Assuming you intend to retire in SG, you can do a 50:50 split between SG and non-SG etfs.
That’s one idea. I’m not a fan and suggest avoiding any more than 20% (one fifth of stock investing) in any one country’s stock market until you get within 7 to 10 years of drawdown age. Then you’d start gradually, steadily adjusting your portfolio for retirement.
During accumulatin phase I’d be in this sort of posture:
~20% bonds/bond-likes (CPF, SSBs, MBH, possibly a bit of CORP for a large portfolio)

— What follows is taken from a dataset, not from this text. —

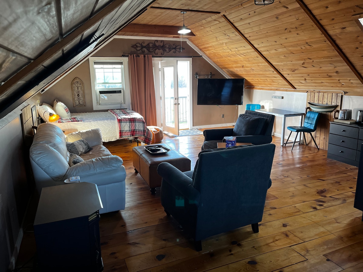 Welcome to Louisburg! Spacious, private entry, 1000 sq. ft. apartment above detached garage within minutes of wineries, antiques & Cider Mill. Set on 15 acres, and 2 miles down a gravel road, you are out of the city and seeing stars, with an amazing 2nd story view. Sleeps up to 6 with separate bedroom with queen bed and low ceiling (62” great for kids!) loft with 2 twins & a double. All wrapped in unique finishes including an amazing shower! Located only 45 minutes from downtown Kansas City!

~80% stocks/stock-likes (including the equity in your home), of which
no more than 20% (16% of total) is the lowest cost stock index fund in your expected retirement country (ES3 if Singapore)
the rest in IWDA or VWRD
but if IWDA, you may wish to add a small percentage (10% of IWDA) in EIMI
The above assumes non-U.S. personhood.
Starting 7+ years before drawdown age (10 if you’re an ultra conservative investor),
gradually and steadily adjust your portfolio so it converges to this portfolio at your drawdown age:
~70% bonds/bond-likes (with a small portion in international bonds, such as CORP)
~30% stocks/stock-likes, of which
50% is the lowest cost stock index fund in your retirement country (ES3 if Singapore)
50% is IWDA(+EIMI) or VWRD
You can exclude your fully paid primary residence from drawdown portfolio consideration if you wish. It is stock-like, but I’d be OK with that posture even without counting the primary residence.
These are all my “rules of thumb,” with a lot of professionals backing the basic concepts behind them. Rules of thumb should be adjusted if your situation is peculiar in some way. For example, if you expect to split your time evenly between two retirement countries in two different currency zones — half in Europe and half in Singapore, for example — then your investment posture should be adjusted to reflect that expectation. As another example, if your country’s bond market is terrible (because its currency is terrible, for example), then boost the global bond holding portion to compensate. (Singapore has a quality currency and a small but functional investment grade and high quality sovereign bond market.)